Try it:
Copy out the data that comes next, character for character, and leave the images aside.

Recorded data:
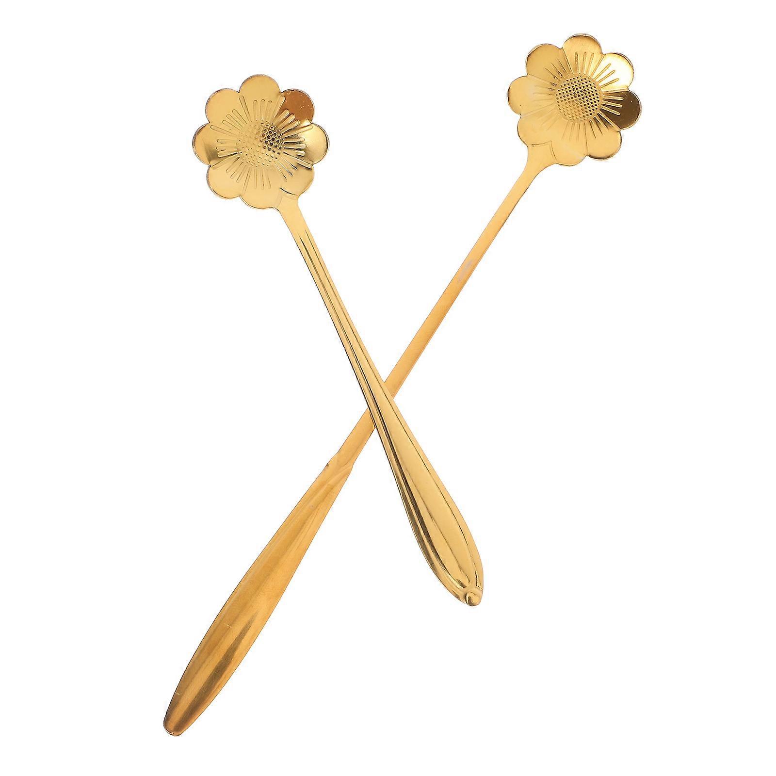 Flower Shaped Spoon Elegant Tableware For Party Golden Metal Dessert Spoon 1Set
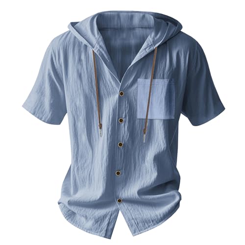 More information about Mens Cotton Linen Hoodies Short Sleeve Button Down Shirts Casual Hawaiian Beach Yoga Drawstring Pullover Sweatshirts
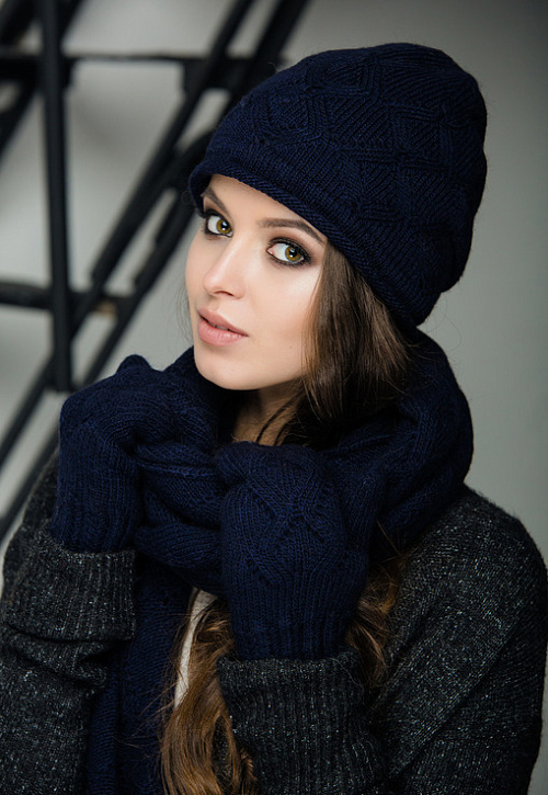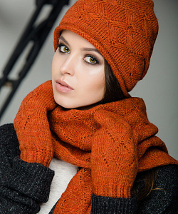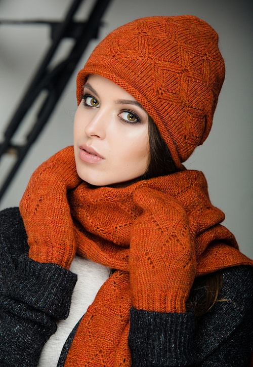 Женская шапка двойной вязки, с фиксированным защипом сзади, шарф ажурной вязки и варежки.
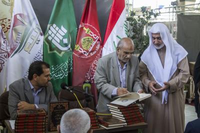 Maonyesho ya vitabu ya kimataifa ya Karbala, hayakuishia kuonyesha vitabu peke yake, kulikua na shughuli zingine za ziada, kama vile hafla ya kutia saini kitabu, jambo hilo ni miongoni mwa mambo muhimu katika maonyesho ya kimataifa, asubuhi ya Juma Tatu (6 Shabani 1439h) sawa na (23 Aprili 2018m) imefanyika hafla ya kutia saini kitabu cha (Mazuri ya majaalisi za Karbala), kilicho tolewa na kituo cha turathi za Karbala / kitengo cha maarifa ya kiislamu na kibinadamu cha Atabatu Abbasiyya tukufu, kilicho andikwa na Ustadh Salmaan Haadi Aali-Twa’ma.

Solution for this exercise:
 Flower Shaped Spoon Elegant Tableware For Party Golden Metal Dessert Spoon 1Set
 More information about Mens Cotton Linen Hoodies Short Sleeve Button Down Shirts Casual Hawaiian Beach Yoga Drawstring Pullover Sweatshirts
 Женская шапка двойной вязки, с фиксированным защипом сзади, шарф ажурной вязки и варежки.
 Maonyesho ya vitabu ya kimataifa ya Karbala, hayakuishia kuonyesha vitabu peke yake, kulikua na shughuli zingine za ziada, kama vile hafla ya kutia saini kitabu, jambo hilo ni miongoni mwa mambo muhimu katika maonyesho ya kimataifa, asubuhi ya Juma Tatu (6 Shabani 1439h) sawa na (23 Aprili 2018m) imefanyika hafla ya kutia saini kitabu cha (Mazuri ya majaalisi za Karbala), kilicho tolewa na kituo cha turathi za Karbala / kitengo cha maarifa ya kiislamu na kibinadamu cha Atabatu Abbasiyya tukufu, kilicho andikwa na Ustadh Salmaan Haadi Aali-Twa’ma.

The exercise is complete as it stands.